# Provided data
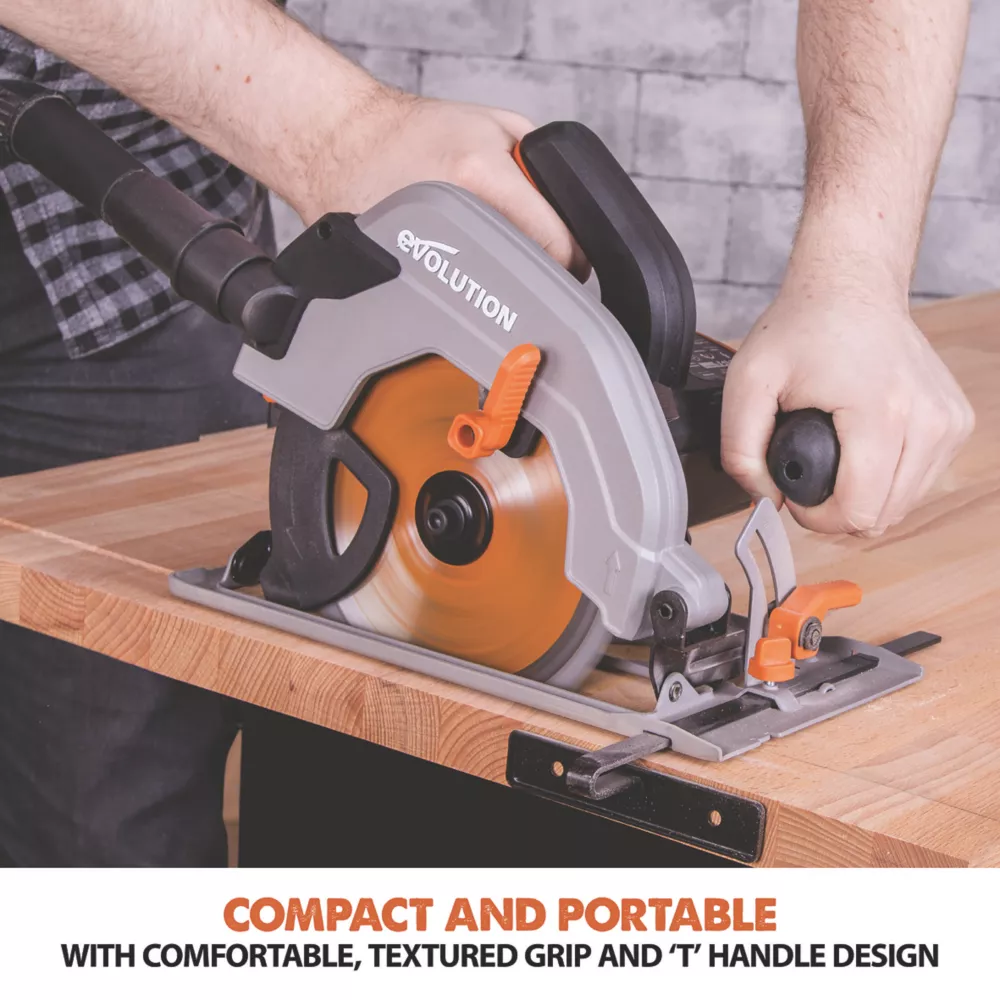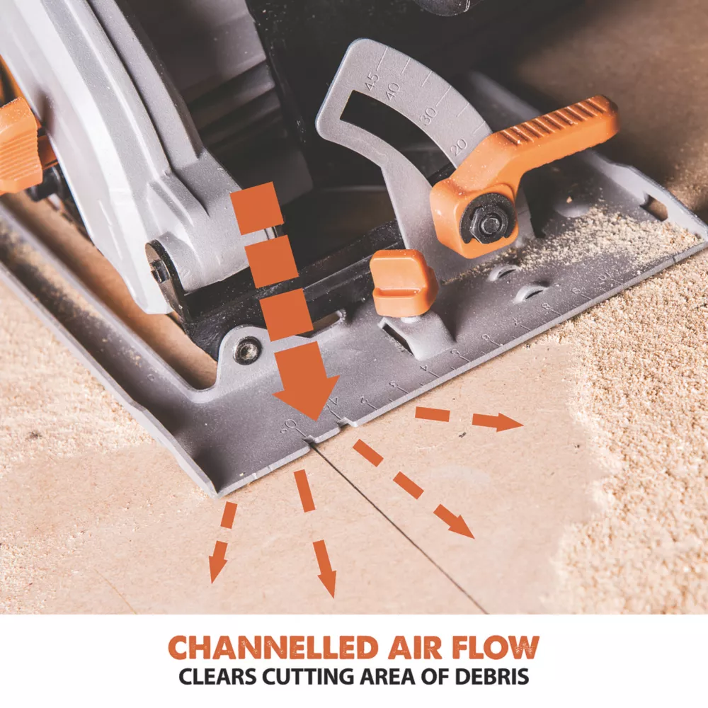 High-powered and optimised using multi-material technology to cut mild steel, non-ferrous metals, wood, wood with embedded nails and plastic with a single blade. Balanced, lightweight and compact, delivering a maximum cutting depth of 53mm. Integrated dust blower allows optimum visibility along cutting line. Quick-adjust bevel lever and clear, debossed angle markings improves ease and accuracy of bevel cuts. Safety features include a lock-off switch, electronic blade brake and spindle lock for easy blade changes. Over-moulded handle improves ergonomics and comfort. Includes housing on-board tool storage for blade change hex key. Supplied with 165mm TCT blade, hex key and parallel guide.
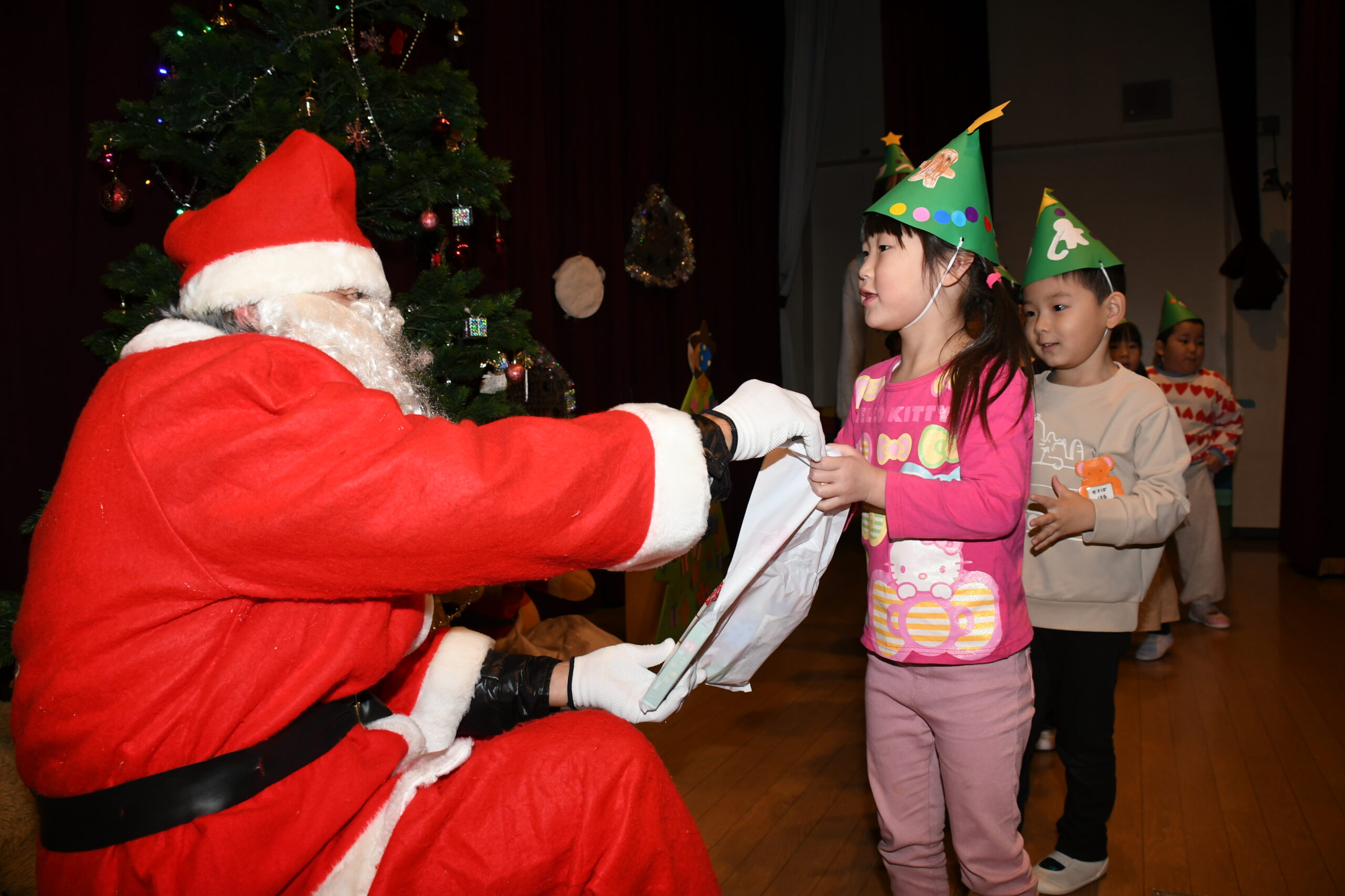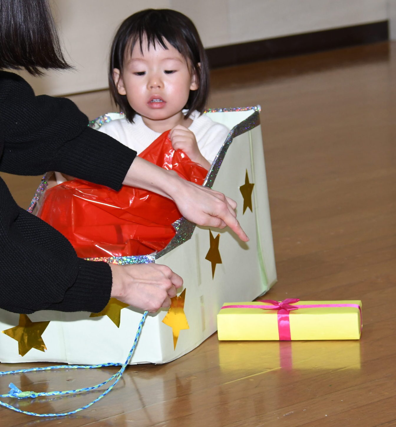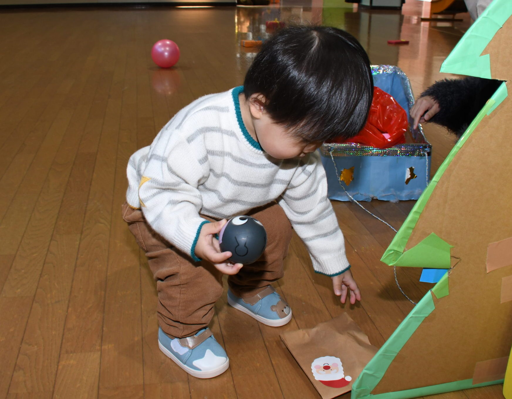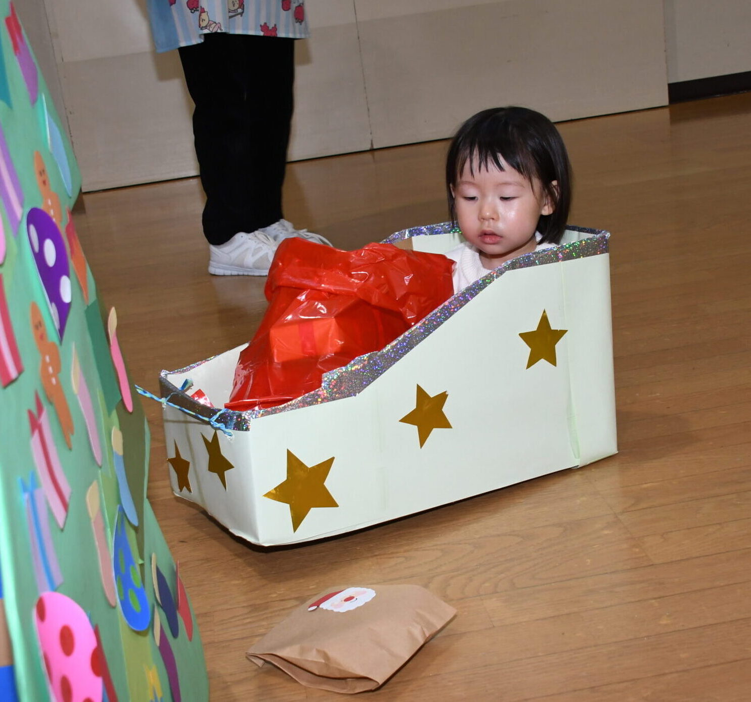 1歳のお友達 しっかりサンタさんを見つめてありがとうと頭を下げてお辞儀ができていました -
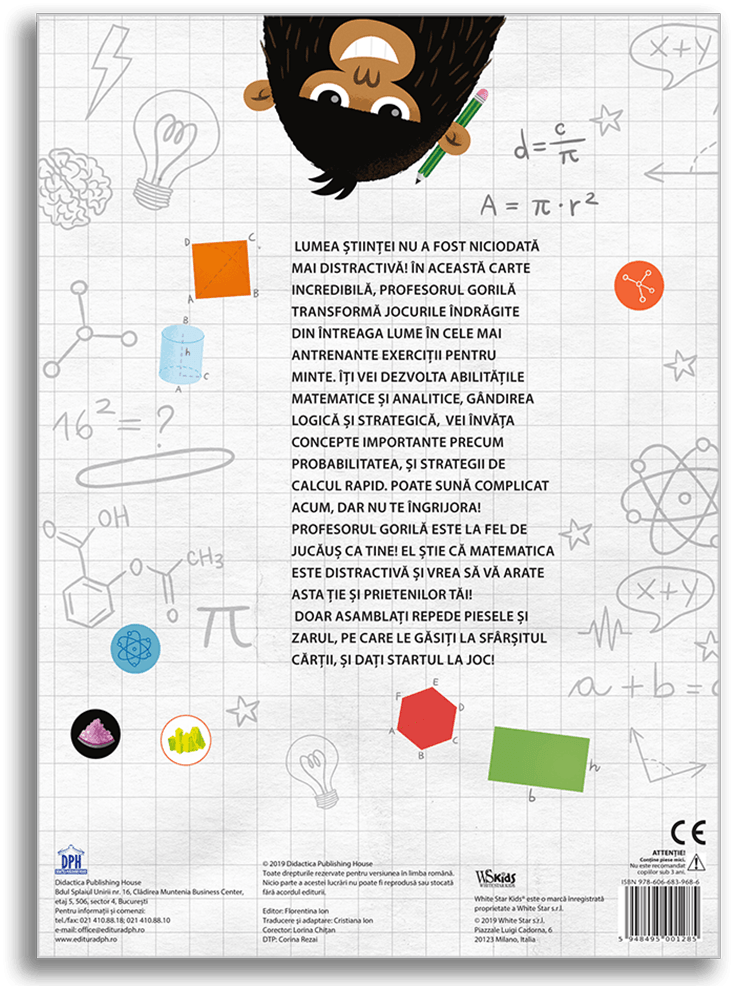 Lumea stiintei nu a fost niciodata mai distractiva in aceasta carte incredibila. Profesorul Gorila transforma jocurile indragite din intreaga lume in cele mai antrenante exercitii pentru minte. Iti vei dezvolta abilitatile matematice si analitice, gandirea logica si strategica, vei invata concepte importante precum probabilitatea si strategii de calcul rapid. Poate suna complicat acum, dar nu te ingrijora! Profesorul Gorila este la fel de jucaus ca tine! El stie ca matematica este distractiva si vrea sa va arate asta tie si prietenilor tai! Doar asamblati repede piesele si zarul, pe care le gasiti la sfarsitul cartii, si dati startul la joc!

# Work instruction
Please reproduce all the material exactly. Pictures stay out of the copy.

# Exercise solution
 High-powered and optimised using multi-material technology to cut mild steel, non-ferrous metals, wood, wood with embedded nails and plastic with a single blade. Balanced, lightweight and compact, delivering a maximum cutting depth of 53mm. Integrated dust blower allows optimum visibility along cutting line. Quick-adjust bevel lever and clear, debossed angle markings improves ease and accuracy of bevel cuts. Safety features include a lock-off switch, electronic blade brake and spindle lock for easy blade changes. Over-moulded handle improves ergonomics and comfort. Includes housing on-board tool storage for blade change hex key. Supplied with 165mm TCT blade, hex key and parallel guide.
 1歳のお友達 しっかりサンタさんを見つめてありがとうと頭を下げてお辞儀ができていました -
 Lumea stiintei nu a fost niciodata mai distractiva in aceasta carte incredibila. Profesorul Gorila transforma jocurile indragite din intreaga lume in cele mai antrenante exercitii pentru minte. Iti vei dezvolta abilitatile matematice si analitice, gandirea logica si strategica, vei invata concepte importante precum probabilitatea si strategii de calcul rapid. Poate suna complicat acum, dar nu te ingrijora! Profesorul Gorila este la fel de jucaus ca tine! El stie ca matematica este distractiva si vrea sa va arate asta tie si prietenilor tai! Doar asamblati repede piesele si zarul, pe care le gasiti la sfarsitul cartii, si dati startul la joc!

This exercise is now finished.